QUALCHE COMMENTO DAI RAGAZZI COINVOLTI NEI PERCORSI
Abbiamo chiesto, a percorso avviato, alcuni commenti direttamente a loro, ai 9 ragazzi che si sono lanciati in questa avventura. Ecco, in maniera anonima, le loro parole.
“… il counseling si tratta di qualcosa fuori dagli schemi istituzionali e dunque che può regalare uno spazio diverso, una relazione nuova rispetto a quelle che siamo abituati a tenere…questa è basata su una conversazione a “briglia sciolta” con nessuno scopo secondario….unico fine trovarci un benessere proprio qualunque esso sia e un accrescimento interiore…
… ho potuto affrontare in soli due incontri molti più argomenti e riflessioni che con altri “colleghi” in anni di colloqui”
“… il counseling è un’esperienza molto positiva, piacevole e utile;
…la mia counselor ha capacità di ascolto notevole, si pone in modo estremamente positivo, è realmente interessata!”
“…ritengo il percorso counseling un ottimo strumento per mettersi a confronto con se stessi e con il proprio vissuto , ottimo per migliorarsi , di conseguenza anche il proprio percorso professionale .Sono contento di aver partecipato a tale iniziativa e lo consiglierei a tutti”
“…la mia counselor riesce a trasmettermi un grande senso di fiducia, di serietà, di umanità col suo ‘ascolto empatico’ attivo e allo stesso tempo stimolante.
.. ritengo che se puoi riporre fiducia sia importante, soprattutto dopo anni e anni costretto mio malgrado a tenermi sempre dentro tante cose
…Ho fatto ancora solo 3 incontri… sono già bastati a farmi capire l’efficacia che sicuramente avranno nel permettermi di proseguire il mio percorso con un maggiore senso di serenità, consapevolezza e responsabilità!
“… INCREDIBILE….UTILE…….AUTENTICO…….EFFICACE….VERO……DI CRESCITA PERSONALE”.
UN RINGRAZIAMENTO DA PARTE NOSTRA
“Chi può aiutare il cammino di rieducazione i carcerati?
La persona educa la persona.
Voglio dire che ogni azione educativa o rieducativa avviene attraverso il coinvolgimento di almeno un’altra persona.
Chi è detenuto e si perde per depressione o per aggressività, deve sapere che c’è una persona che si interessa a lui seriamente e di cui lui stesso può interessarsi.”
(Carlo Maria Martini)
Il Counseling è una relazione, e in una relazione si è sempre in due.

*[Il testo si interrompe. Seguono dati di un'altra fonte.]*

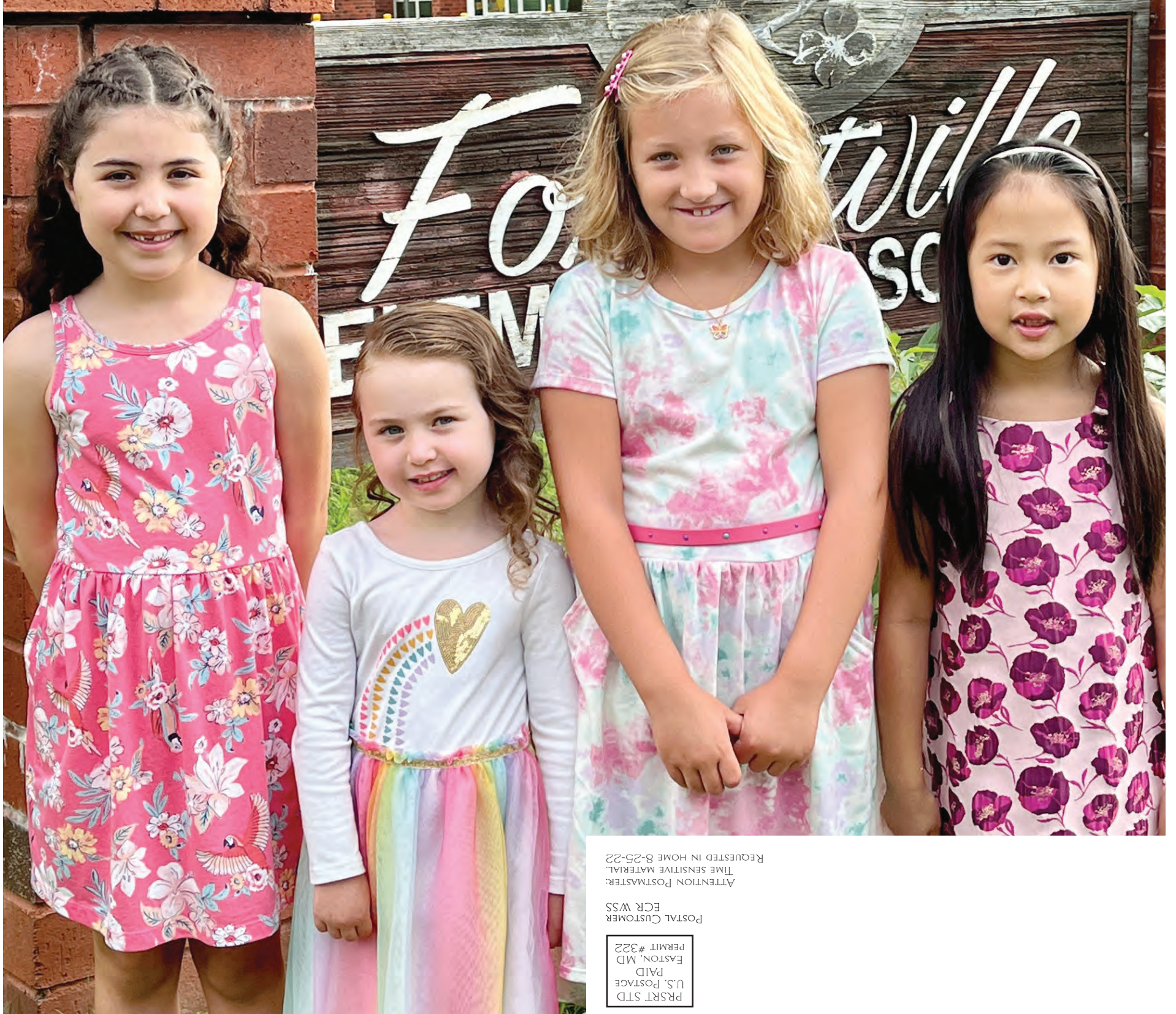
SENIOR LIVING, PAGE 2 ❖ CLASSIFIED, PAGE 6 ❖ ENTERTAINMENT, PAGE 7

POSTAL CUSTOMER ECR WSS ATTENTION POSTMASTER: TIME SENSITIVE MATERIAL REQUESTED IN HOME 8-25-22

Per questo motivo noi counselor desideriamo ringraziare i nostri ragazzi di bee4.
Proporre il counseling all’interno del Carcere è credere che nel deserto ci possa essere una oasi, rigogliosa e verde, fiorente e inaspettata. Lì, proprio lì, in quelle oasi, possiamo contemplare il mistero che siamo.